Data Structures

Hash tables, trees, graphs, heaps: a handful of shapes, and the choice between them decides what's fast.

Suggested next → Compilers & Interpreters · CS·AI

The brief

In 1953, an IBM researcher named Hans Peter Luhn had a deceptively simple idea. Instead of hunting through a list to find something, why not compute where it should be from the thing itself? A function turns the key straight into an address, so a lookup that would have meant scanning a million entries becomes, on average, a single step. Luhn's hash table is the invention that, more than any other, separates fluent programming from clumsy programming. It belongs to a small family of organizing shapes — lists, trees, graphs, heaps, stacks, queues — that a programmer chooses among before writing a line of logic. As Niklaus Wirth put it in a title that became a slogan, Algorithms + Data Structures = Programs: the algorithm is what to do, the structure is what to do it on.

The shapes are few because each answers one question well and pays for it somewhere else. An array gives instant access to any element by its position but is slow to grow in the middle; a linked list is the exact reverse. A hash table finds things in a single average step but scatters them across memory. A tree keeps its data sorted, so that a search cuts the problem in half at every step — which is why nearly every database and filesystem is a tree underneath. A graph models anything defined by its connections: a social network, the web, a tangle of software dependencies. The lesson beneath all of them is that how the data is laid out matters more than almost any other decision a programmer makes. The same task can run a thousand times faster or slower depending only on the structure holding the data, and when a program crawls, the cure is usually not a cleverer algorithm but a better-shaped container. Two forces govern the choice. One is the old trade of speed against memory — a hash table is fast but hungry, while a leaner structure buys back space by tolerating the occasional wrong answer. The other is the hardware itself: a modern processor reads memory in a straight line about a hundred times faster than it jumps around, so a plain array will often beat a theoretically superior structure riddled with scattered pointers, whatever the abstract analysis promises.

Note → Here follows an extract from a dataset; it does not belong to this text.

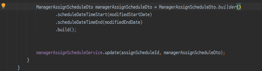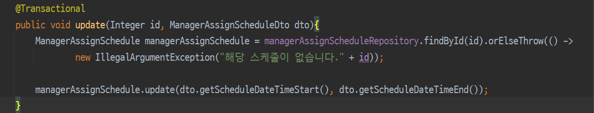 그리고 managerAssignSchedule.update(dto, dto)를 날려주면

Why nowThese shapes are everywhere in working code — the hash table behind every language's built-in dictionary, the balanced tree behind every database index, the content-addressed store behind Git. The live frontier is search in very high dimensions, where the meaning of an image or a sentence is encoded as a long list of numbers and ordinary structures break down because everything ends up roughly equidistant from everything else. The specialized indexes that make this tractable — the machinery inside vector databases — now sit at the heart of every system that lets a language model look up what it needs to know. But the field's most durable gift is humbler than any single structure: it is the vocabulary itself, and the habit of asking, before anything else, what shape the data wants to take.